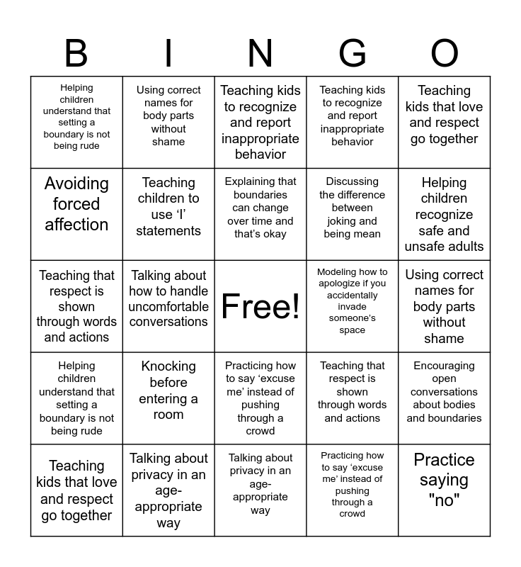 This bingo card has a free space and 48 words: Respecting when someone says "no", Practice saying "no", Giving children choices, Talking about privacy in an age-appropriate way, Knocking before entering a room, Asking before hugging someone, Using correct names for body parts without shame, Letting children know they can always talk to a trusted adult, Avoiding forced affection, Correcting myths like ‘boys don’t cry’ or ‘girls must be polite’, Teaching children to use ‘I’ statements, Teaching kids to recognize and report inappropriate behavior, Encouraging open conversations about bodies and boundaries, Teaching that respect is shown through words and actions, Explaining that different people have different comfort levels with touch, Respecting when a child does not want to be tickled, Explaining that boundaries can change over time and that’s okay, Modeling how to apologize if you accidentally invade someone’s space, Helping children recognize safe and unsafe adults, Teaching kids that love and respect go together, Talking about how to handle uncomfortable conversations, Practicing how to say ‘excuse me’ instead of pushing through a crowd, Helping children understand that setting a boundary is not being rude, Discussing the difference between joking and being mean, Modeling how to apologize if you accidentally invade someone’s space, Helping children recognize safe and unsafe adults, Teaching kids that love and respect go together, Talking about how to handle uncomfortable conversations, Practicing how to say ‘excuse me’ instead of pushing through a crowd, Helping children understand that setting a boundary is not being rude, Discussing the difference between joking and being mean, Respecting when someone says "no", Practice saying "no", Giving children choices, Talking about privacy in an age-appropriate way, Knocking before entering a room, Asking before hugging someone, Using correct names for body parts without shame, Letting children know they can always talk to a trusted adult, Avoiding forced affection, Correcting myths like ‘boys don’t cry’ or ‘girls must be polite’, Teaching children to use ‘I’ statements, Teaching kids to recognize and report inappropriate behavior, Encouraging open conversations about bodies and boundaries, Teaching that respect is shown through words and actions, Explaining that different people have different comfort levels with touch, Respecting when a child does not want to be tickled and Explaining that boundaries can change over time and that’s okay.
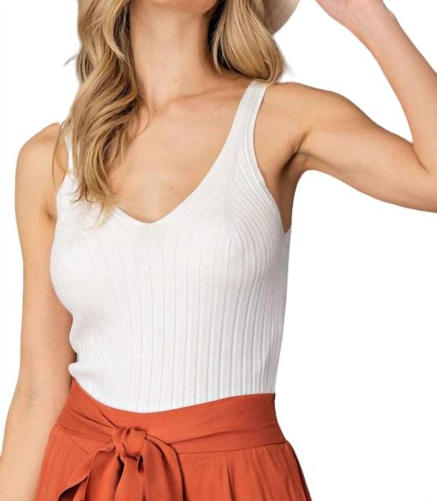 Ощутите непринужденный стиль и максимальный комфорт. Специально разработано для фигур plus-size. Приталенная майка. Изготовлена из роскошной трикотажной ткани в рубчик, которая облегает ваши изгибы. Глубокий V-образный вырез и низкая спинка. Обеспечивает как комфорт, так и шикарный стиль. Соответствует размеру или для более свободной посадки. Просто выберите на размер больше. Ощутите исключительность с этой элегантной базовой вещью без рукавов.
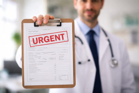 A doctor in a white coat shows an urgent medical form on a clipboard, indicating the need for immediate attention in a clinical setting.

### Problem to work on
The material should be returned verbatim, with all images omitted.

### Exercise solution
 This bingo card has a free space and 48 words: Respecting when someone says "no", Practice saying "no", Giving children choices, Talking about privacy in an age-appropriate way, Knocking before entering a room, Asking before hugging someone, Using correct names for body parts without shame, Letting children know they can always talk to a trusted adult, Avoiding forced affection, Correcting myths like ‘boys don’t cry’ or ‘girls must be polite’, Teaching children to use ‘I’ statements, Teaching kids to recognize and report inappropriate behavior, Encouraging open conversations about bodies and boundaries, Teaching that respect is shown through words and actions, Explaining that different people have different comfort levels with touch, Respecting when a child does not want to be tickled, Explaining that boundaries can change over time and that’s okay, Modeling how to apologize if you accidentally invade someone’s space, Helping children recognize safe and unsafe adults, Teaching kids that love and respect go together, Talking about how to handle uncomfortable conversations, Practicing how to say ‘excuse me’ instead of pushing through a crowd, Helping children understand that setting a boundary is not being rude, Discussing the difference between joking and being mean, Modeling how to apologize if you accidentally invade someone’s space, Helping children recognize safe and unsafe adults, Teaching kids that love and respect go together, Talking about how to handle uncomfortable conversations, Practicing how to say ‘excuse me’ instead of pushing through a crowd, Helping children understand that setting a boundary is not being rude, Discussing the difference between joking and being mean, Respecting when someone says "no", Practice saying "no", Giving children choices, Talking about privacy in an age-appropriate way, Knocking before entering a room, Asking before hugging someone, Using correct names for body parts without shame, Letting children know they can always talk to a trusted adult, Avoiding forced affection, Correcting myths like ‘boys don’t cry’ or ‘girls must be polite’, Teaching children to use ‘I’ statements, Teaching kids to recognize and report inappropriate behavior, Encouraging open conversations about bodies and boundaries, Teaching that respect is shown through words and actions, Explaining that different people have different comfort levels with touch, Respecting when a child does not want to be tickled and Explaining that boundaries can change over time and that’s okay.
 Ощутите непринужденный стиль и максимальный комфорт. Специально разработано для фигур plus-size. Приталенная майка. Изготовлена из роскошной трикотажной ткани в рубчик, которая облегает ваши изгибы. Глубокий V-образный вырез и низкая спинка. Обеспечивает как комфорт, так и шикарный стиль. Соответствует размеру или для более свободной посадки. Просто выберите на размер больше. Ощутите исключительность с этой элегантной базовой вещью без рукавов.
 A doctor in a white coat shows an urgent medical form on a clipboard, indicating the need for immediate attention in a clinical setting.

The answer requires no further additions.